With the state’s fiscal year expiring at midnight, Metropolitan Family Services today joined hundreds of Illinois not-for-profits in calling on Governor Rauner and the General Assembly to promptly pass a fair and adequately funded state budget.

Without a budget, on July 1 services for hundreds of thousands of Illinoisans go into a state of limbo, as hundreds of state contracts to provide these services cannot be executed without a state budget. While the state has begun to issue some contracts for programs that fit Governor Rauner’s budget priorities, the state has no legal authority to pay for these services until a budget is signed into law.

In addition, since the currently proposed version of the state budget does not replace billions in revenue lost when the state’s temporary income tax increase expired in January, it instead must rely on dramatic cuts to human services including psychiatric care, Teen Reach afterschool programs and other services provided by Metropolitan and other non-profits across Illinois. A newly announced rule change also halts new enrollment in the state’s Child Care Assistance Program for low-income families on July 1, barring thousands of working poor families from access to an essential service.

“This cannot be a game of chicken.
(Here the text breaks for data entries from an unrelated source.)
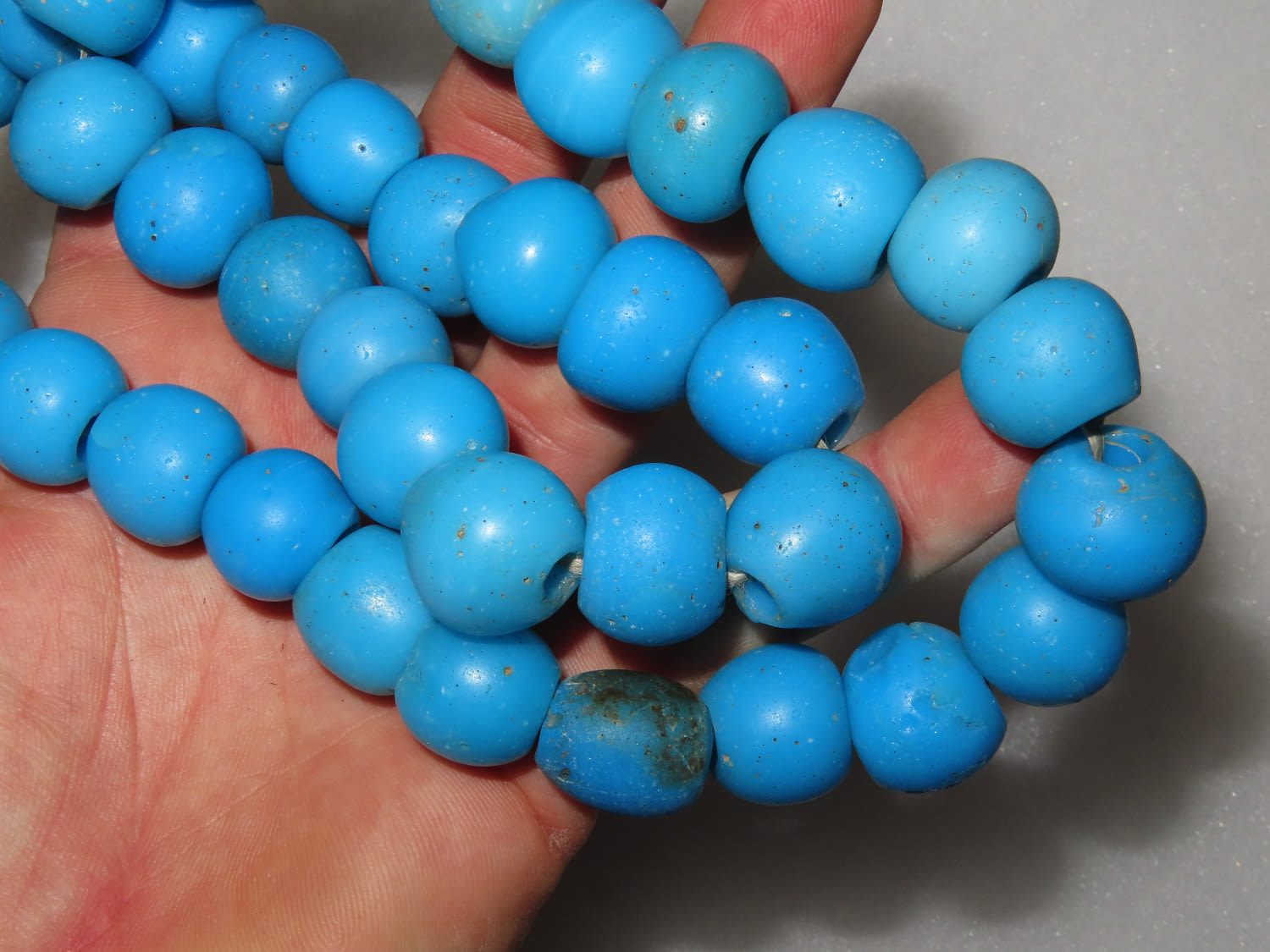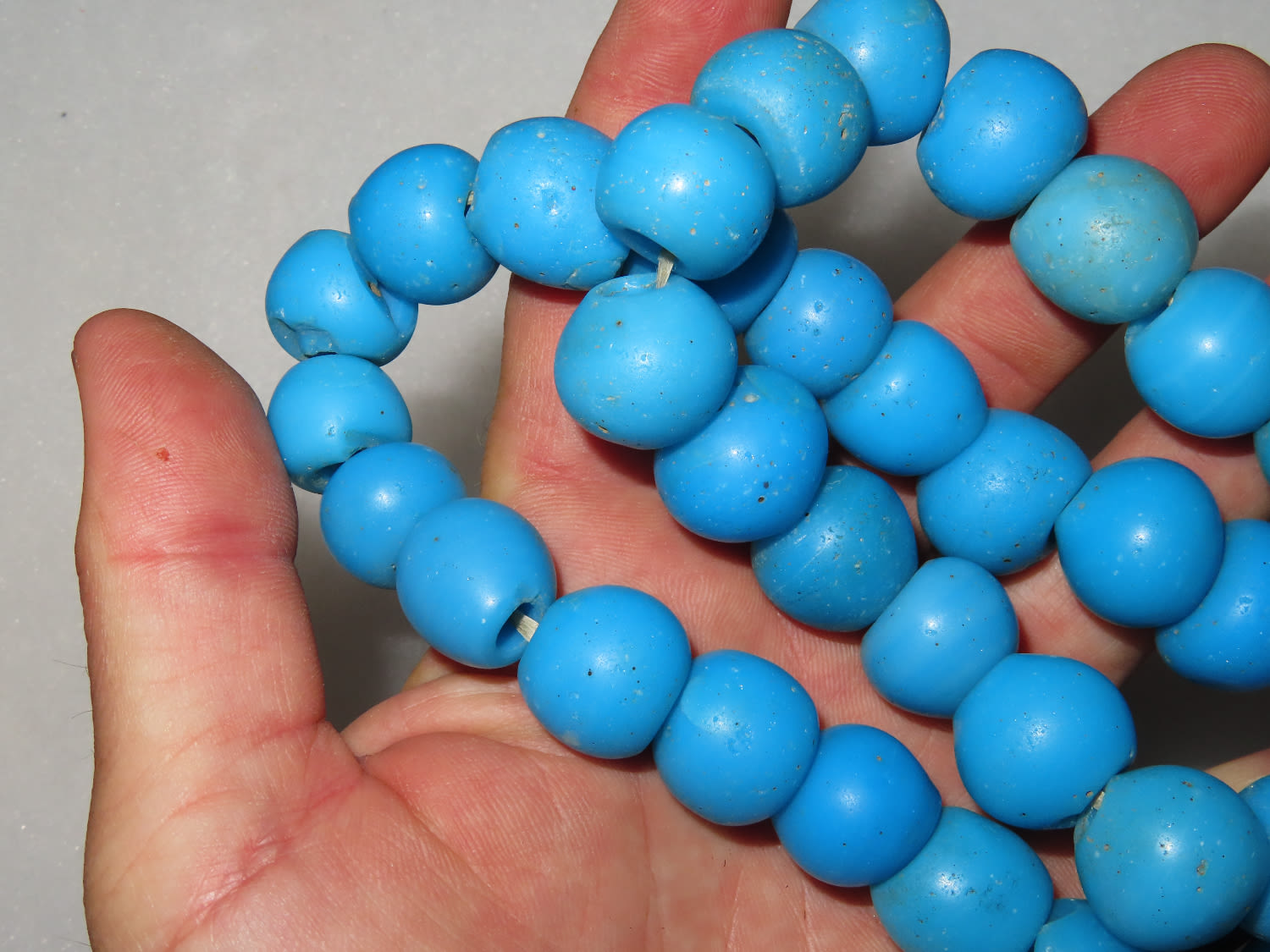 Rare 24″ Strand of Large Blue Vivid Glass Trade Beads
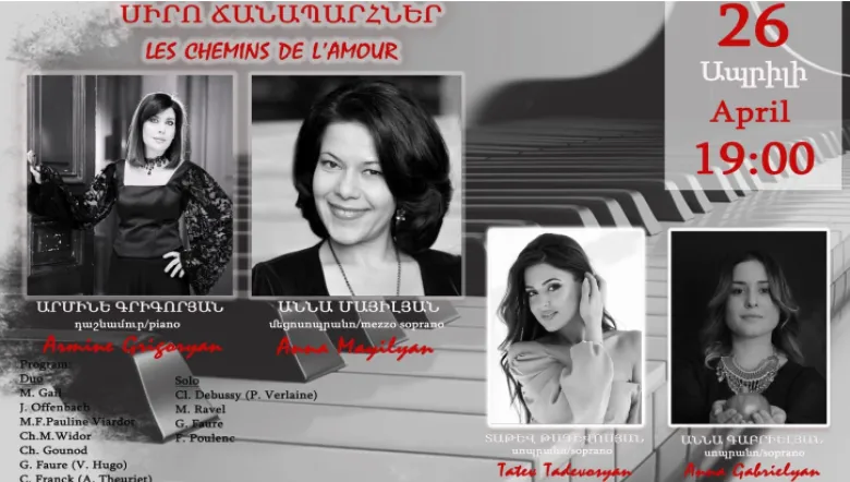 Ֆրանկոֆոնիայի օրերի շրջանակներում ապրիլի 26-ին, ժամը՝ 19:00-ին Արամ Խաչատրյանի տուն-թանգարանը սիրով հրավիրում է իր հյուրընկալ համերգասրահ «Les chemins de l’amour / Սիրո ճանապարհներ» խորագրով համերգին:
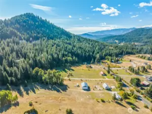 Incredible 5.15 acre property with panoramic mountain views & wealth of potential! A charming rustic barn, complete with cozy apartment & historic hayloft, adds unique character. The hayloft, once a popular spot for local square dancing, is perfect for converting into a wedding venue or creative studio. Massive 2,460 Sq. Ft shop, featuring drive-through RV doors, provides ample space for vehicles & storage or the perfect setup for a personal mechanic's shop. Authentic cinder block home offers a comfortable living option while you build your dream home, or serve as a rental income opportunity. The true value of this property lies in its expansive land & limitless possibilities for future development, making it a rare & exciting opportunity.
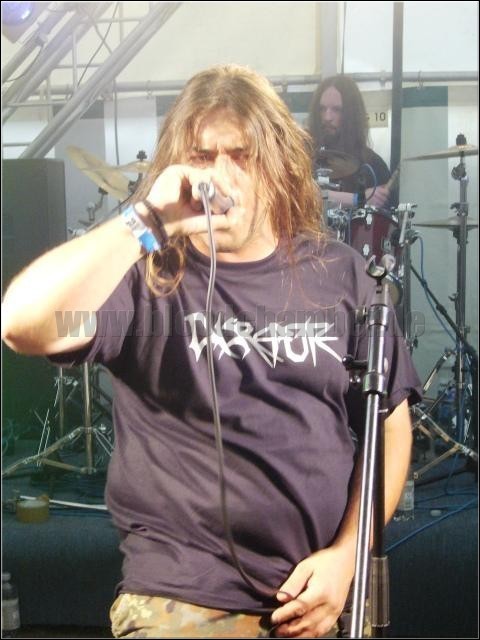 Nicht ganz so unkaputtbar sind heute SPAWN, die neben ihrem gewohnt deftig walzenden Riffgewitter auch eine angeschlagene Kehle mitbringen. Musikalisch jedenfalls liegt beim bisweilen arg zerbreakten, aber stets saftigen Material alles im grünen Bereich, als man ankündigt, dass von den drei noch geplanten Songs mit viel Mühe einer zu schaffen sei: Eine nicht vollständig verheilte Stimmbandentzündung macht dem sichtlich kämpfenden Fronthühnen das Singen zur Tortur, was die bis dahin überaus tight agierenden Berliner zu dieser unglücklichen Entscheidung zwingt. So lässt sich das folgende „Hammer Smashed Face“ denn auch nur mit geschlossenen Augen genießen – auf der Bühne wird vermutlich bereits Blut gespuckt...

The human and financial consequences of failure are too real,” said Metropolitan Family Services President & CEO Ric Estrada. “Low-income families and vulnerable Illinoisans should not be collateral damage of a political stalemate.”

Metropolitan Family Services is one of over 300 agencies to sign an open letter to the Governor and legislative branch to take immediate action to approve a budget that includes enough revenue to support services that children and families depend on.

“We have made short-term contingency plans to continue core services into early July, but we cannot use our line of credit to pay for failure in Springfield,” continued Estrada. “Many smaller agencies are already suspending essential services and laying off staff.”

While Metropolitan Family Services is well regarded by both public and private funders for high-quality, wraparound family services and sound fiscal stewardship, with nearly 40% of its budget coming from service contracts on behalf of the state, a continuing state budget impasse will have a deep impact on the 67,000 people the agency serves in Chicago, Suburban Cook and DuPage Counties. Examples include:

  • Elimination of funding for psychiatric care grants, which will force the agency to lay-off doctors and psychiatric nurses at the center of its 9,984 client mental health practice.
  • An enrollment freeze on child care programs will eliminate access to working poor families at its three city early childhood centers, while threatening key partnerships to expand early childhood services in DuPage County.
  • Cuts to afterschool programs and school-based substance abuse prevention programs will place hundreds of young people at risk in communities across Chicago and the South Suburbs.

“We do not make widgets on an assembly line,” said Estrada. “We take care of people, in communities that need us. The time for a solution is now.”

About Metropolitan Family Services
Metropolitan Family Services empowers families to learn, to earn, to heal, to thrive. Part mentor, part motivator, part advocate, since 1857 Metropolitan Family Services has been the engine of change that empowers Chicago-area families to reach their greatest potential and positively impact their communities.